Pour information de la personne retenue:
— La présente ordonnance est susceptible d’appel devant le premier président de la cour d’appel de [Localité 13] dans les 24 heures de son prononcé. Le délai d’appel qui expirerait normalement un samedi, un dimanche ou un jour férié ou chômé, est prorogé jusqu’au premier jour ouvrable suivant. Le premier président est saisi par une déclaration écrite motivée, transmise par tout moyen au greffe de la cour d’appel de [Localité 13], par courriel à l’adresse [Courriel 18]. Cet appel n’est pas suspensif. L’intéressé est maintenu à disposition de la justice jusqu’à l’audience qui se tiendra à la cour d’appel.
— Vous pouvez, pendant toute la durée de votre rétention, demander l’assistance d’un interprète, d’un avocat ainsi que d’un médecin, et communiquer avec votre consulat ou toute personne de votre choix.
— Vous avez également le droit de contacter toute organisation et nationale, internationale ou non gouvernementale compétente pour visiter les lieux de rétention, notamment :
• le Contrôleur général des lieux de privation de liberté ([Adresse 6] ; www.cglpl.fr ; tél. : [XXXXXXXX03] ; fax : 01.42.38.85.32) ;
• le Défenseur des droits ([Adresse 10] ; tél. : [XXXXXXXX05]) ;
• France Terre d’Asile ([Adresse 7] ; tél. : [XXXXXXXX02]) ;
• Forum Réfugiés Cosi ([Adresse 8] ; tél. : [XXXXXXXX04]) ;
• Médecins sans frontières – MSF ([Adresse 11] ; tél. : [XXXXXXXX01]).
— ASSFAM – Groupe SOS Solidarités est à votre disposition, sans formalité, pour vous aider dans l’exercice effectif de vos droits, aux heures d’accueil précisées par le règlement intérieur.
— Vous pouvez aussi demander, à tout moment, qu’il soit mis fin à votre rétention par simple requête, motivée et signée, adressée au juge des libertés et de la détention par tout moyen, accompagnée de toutes les pièces justificatives. justificatives.
Reçu le 18 septembre 2025, dans une langue comprise, notification de la présente ordonnance avec remise d’une copie intégrale, information du délai d’appel et des modalités d’exercice de cette voie de recours, ainsi que le rappel des droits en rétention.
La personne retenue, absente par visio-conférence,
Copie intégrale de la présente ordonnance a été transmise par l’intermédiaire d’un moyen de télécommunication comportant un accusé de réception, le 18 septembre 2025, à l’avocat du M. LE PRÉFET DE L’YONNE, absent au prononcé de la décision.
Copie intégrale de la présente ordonnance a été transmise par l’intermédiaire d’un moyen de télécommunication comportant un accusé de réception, le 18 septembre 2025, à l’avocat de la personne retenue, absent au prononcé de la décision.

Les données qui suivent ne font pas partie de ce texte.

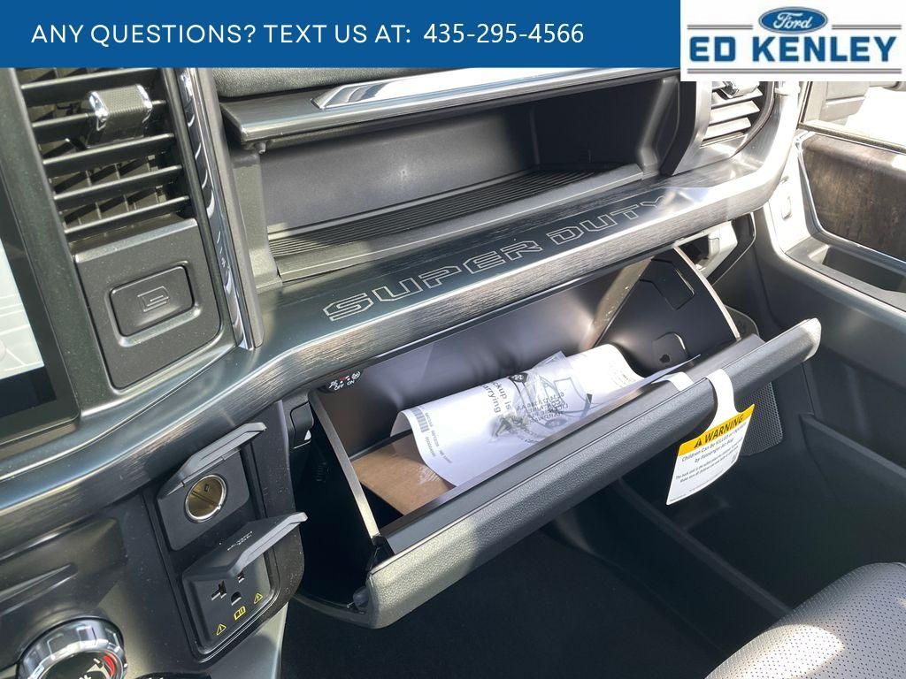 Pre-Collision Assist with Automatic Emergency Braking (AEB) forward collision mitigation,Lane Centering hands-on cruise control,Predictive Speed Assist Automatic curve slowdown cruise control,5G Modem - Ford Connectivity Package mobile hotspot internet access,Rear mounted camera,Reverse Camera rear mounted camera,Reverse Brake Assist collision mitigation,Lane Keeping Alert,Adaptive Cruise Control with Stop-and-Go,Head-up display,Brake assist system,Cruise control with steering wheel mounted controls,Power open and close tailgate,Ventilated driver and front passenger seats,Connected Navigation integrated navigation system with voice activation,Keyfob remote start,Heated steering wheel,Heated driver and front passenger seats,Heated rear seats,Leather front seat upholstery,ActiveX leatherette front seat upholstery,Primary monitor touchscreen,Driver seat power reclining, lumbar support, fore/aft control and height adjustable control,Driver seat power reclining, lumbar support, cushion tilt, fore/aft control and height adjustable control,Part-time 4WD,Powerstroke 6.7L V-8,Powerstroke 6.7L V-8 diesel direct injection, intercooled turbo, diesel, engine with 500HP,Powerstroke 6.7L V-8 diesel direct injection, DEVCT intercooled turbo, diesel, engine with 500HP,SYNC 4 with Enhanced Voice Recognition (Alexa-Built-In) built-in virtual assistant,Front wireless smart device charging,PCA with AEB and Intersection Assist forward collision mitigation with left turn assist,Driver Alert,Smart device remote start,Mechanical,Intelligent Access with hands-free access and push button start,Push-button,Aerial view camera,Onboard scale,Weight capacity alert,Bluetooth wireless audio streaming,Dynamic Hitch Assist vehicle to trailer hitching assist,Pro Trailer Backup Assist vehicle and trailer reverse assist,Pro Trailer Hitch Assist automated vehicle to trailer hitching assist,Gauge cluster display size: 12.00,Front mounted camera,Right side camera,Pickup box camera,Left side camera,BLIS with Trailer Tow Coverage blind spot warning,Pedestrian detection warning

La présente ordonnance a été portée à la connaissance du procureur de la République, le 18 septembre 2025 à ________ heures
Le greffier
Nous ………………………………………………………………, procureur de la République près le tribunal judiciaire de Strasbourg, déclarons ne pas Nous opposer à la mise à exécution de la présente ordonnance.
le ……………………………………… à ……………………………………… heures.
Le procureur de la République,
Nous ………………………………………………………………, procureur de la République près le tribunal judiciaire de Strasbourg, déclarons Nous opposer à la mise à exécution de la présente ordonnance.
le ……………………………………… à ……………………………………… heures.